Given the high stellar birth rate, there are numerous brown dwarfs in the great Orion nebula.
-The Orion Nebula is a visible part of the large Orion Molecular Cloud or Orion Molecular Complex, which groups different types of nebulae and other astronomical objects, such as the Barnard loop (in the shape of a horn in the image below) and the known dark horse head nebula.
The Orion nebula is gradually dispersing and is expected to be extinguished in a few hundred thousand years, a blink of an eye from the universe’s point of view. There is still time to enjoy such a spectacular celestial phenomenon.
Structure
The following diagram shows the structure of the Great Orion Nebula and adjacent regions.
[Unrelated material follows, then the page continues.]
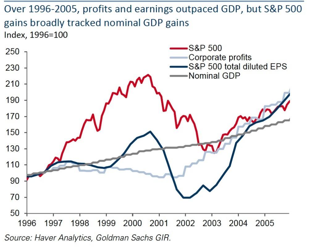 1996-2005年期间,利润和收益超过了GDP,但标准普尔500指数的涨幅与名义GDP涨幅基本一致。

Using infrared shots, the structure is much better distinguished as gas and dust are transparent at these wavelengths, while visible light is fully dispersed or absorbed.
The trapeze stars, already described, have been shifted to the left in the image.
Within the nebula, the outer molecular cloud is also distinguished and, within it, the following objects, visible in the infrared:
-The Becklin-Neugebauer object, visible in the infrared, is an intermediate-mass protostar, that is, a star at a very early stage that has not yet been incorporated into the main sequence.
– Masers or natural sources of microwave emission are typical formations of molecular clouds.
-The Kleinmann-Low Nebula, a very active star-forming region in the heart of the Orion nebula. It contains a star cluster surrounded by dust and gas that also includes protoplanetary disks.